If you run multiple sites and keep language versions in directories, for example, example.com/de/, example.com/es/, you do not need to create a separate robot.txt file for each version. This is only the case for multiple sites over sub domains.
The Commerce
robots.txt
file below shows the updated
contents after these recommendations have been made:
User-agent: *
Disallow: /cart
Disallow: /en/cart
Disallow: /checkout
Disallow: /en/checkout
Disallow: /profile
Disallow: /en/profile
Disallow: /searchresults
Disallow: /en/searchresults
Disallow: /confirmation
Disallow: /en/confirmation
Disallow: /wishlist_settings
Disallow: /en/wishlist_settings
Disallow: /wishlist
Disallow: /en/wishlist
Sitemap: http://[store url]:8080/sitemap.xml
User-agent: * means that the exclusion rules should apply to all robots. You can replace the * (asterisk) with the name of a specific robot to exclude, for example, Googlebot, or Bingbot.

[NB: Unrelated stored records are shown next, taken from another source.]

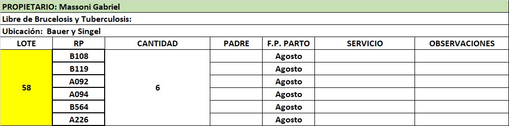 LOTE 58, VAQUILLONA PREÑADA 1 MASSONI GABRIEL 🔥 🔥 🔥 Lote Anterior Volver al remate Lote Siguiente Ficha Contacto Santa Fe - Bauer Y Sigel Ficha del Lote Identificador: #122820 Cantidad: 6 Categoría: Vaquillonas preñadas Pedigree Plazo 30, 60, 90 y 120 días Raza Holando Argentino Santa Fe - Bauer Y Sigel 83 Visualizaciones ClicData Contacto Comercial a cargo: Julio Empresa: Cooperativa Agrícola Ganadera Guillermo Lehmann Nombre*: Teléfono* : E-mail* : Mensaje Enviar Registrese gratis Este contenido Exclusivo está disponible sólo para usuarios registrados Ingresar
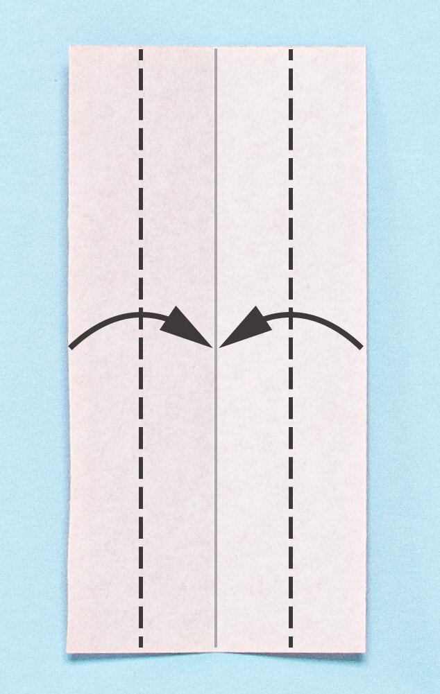 ②左右の端を中央の折りすじに合わせて点線部分で折る。
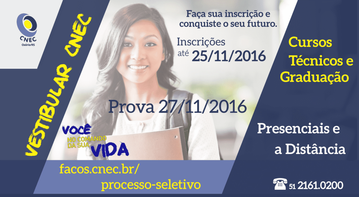 banner-vestibularAs inscrições para o Vestibular de verão CNEC Osório estão abertas até dia 24/11 para cursos presenciais e a distância.
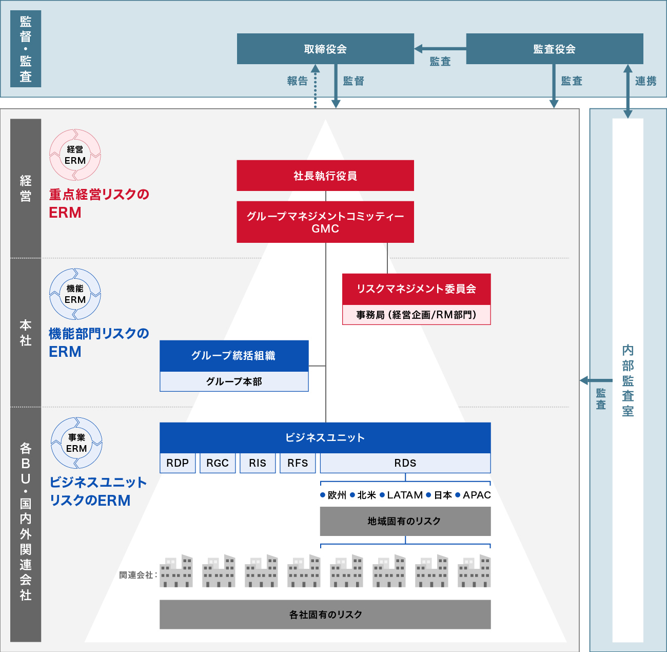 当社では、リスクマネジメント原則を含む「経営管理基本原則」と「リスクマネジメント基本規程」を定め、内容の周知徹底を図っています。リスクマネジメント原則に基づき、GMC・リスクマネジメント委員会および各組織の推進責任者・推進者がリコーグループの事業に影響を与えるリスクについて、ERM(Enterprise Risk Management)の考え方をベースに機会/脅威の両側面からリスク管理を行っています。
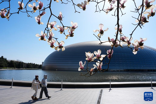 國家大劇院旁玉蘭花盛開(3月9日攝)。(新華社記者 鞠煥宗 攝)

Each Disallow: /[page] entry indicates a page that robots should not visit. You should not remove any of the Disallow: entries from the default robots.txt
file, though you might want to include additional pages that you want robots to ignore. If you are testing your store and do not want any robots to crawl any pages, you might want your robots.txt file to look like this:
User-agent: * Disallow: /
If you plan to use your staging site as your production site when development and testing is complete, you will need to change the content in the robots.txt file to the custom settings presented above. If you tested on a separate staging domain, Commerce inputs a valid default robots.txt for you for your production storefront when you go live.
You cannot edit the robots.txt file in the administration UI. You must edit it with the Commerce Admin REST API. See Use the REST APIs for information about the REST APIs.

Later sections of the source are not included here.